Org was created on 2025-11-04T19:28:13Z (https://api.github.com/orgs/Google-Antigravity)

[+] patates|4 months ago|reply
It says it's been trained from scratch. I wonder if it will have the same undescribable magic that makes me spend an hour every day with 2.5. I really love the results I can get with 2.5 pro. Google eventually limiting aistudio will be a sad day.

Also I really hoped for a 2M+ context. I'm living on the context edge even with 1M.

[+] fraboniface|4 months ago|reply
> Developments to the model architecture contribute to the significantly improved performance from previous model families.

I wonder how significant this is. DeepMind was always more research-oriented that OpenAI, which mostly scaled things up. They may have come up with a significantly better architecture (Transformer MoE still leaves a lot of room).

[+] mohsen1|4 months ago|reply

     This model is not a modification or a fine-tune of a prior model

Is that common to mention that?
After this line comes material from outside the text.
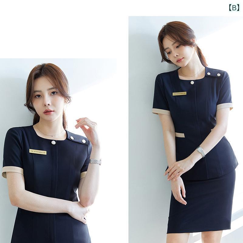 エステ ユニフォーム 制服 サロン ス A:ネイビー半袖ネイビーパンツ B:ネイビー半袖ネイビースカート C:ライトカーキ半袖ネイビーパン D:ライトカーキ半袖ネイビースカ S M L XL XXL XXXL

Feels like they built something from scratch
[+] rvz|4 months ago|reply
> The training dataset also includes: publicly available datasets that are readily downloadable; data obtained by crawlers; licensed data obtained via commercial licensing agreements; user data (i.e., data collected from users of Google products and services to train AI models, along with user interactions with the model) in accordance with Google’s relevant terms of service, privacy policy, service-specific policies, and pursuant to user controls, where appropriate; other datasets that Google acquires or generates in the course of its business operations, or directly from its workforce; and AI-generated synthetic data.

Well don't complain when you are using Gmail and your emails are being trained to develop Gemini.

[+] Topfi|4 months ago|reply
Additional context from AI Studio including pricing:

Our most intelligent model with SOTA reasoning and multimodal understanding, and powerful agentic and vibe coding capabilities

<=200K tokens • Input: $2,00 / Output: $12,00

> 200K tokens • Input: $4,00 / Output: $18,00

Knowledge cut off: Jan. 2025

[+] aliljet|4 months ago|reply
What's wild here is that among every single score they've absolutely killed, somehow, Anthropic and Claude Sonnet 4.5 have won a single victory in the fight: SWE Bench Verified and only by a singular point.

I already enjoy Gemini 2.5 pro for planning and if Gemini 3 is priced similarly, I'll be incredibly happy to ditch the painfully pricey Claude max subscription. To be fair, I've already got an extremely sour taste in my mouth from the last Anthropic bait and switch on pricing and usage, so happy to see Google take the crown here.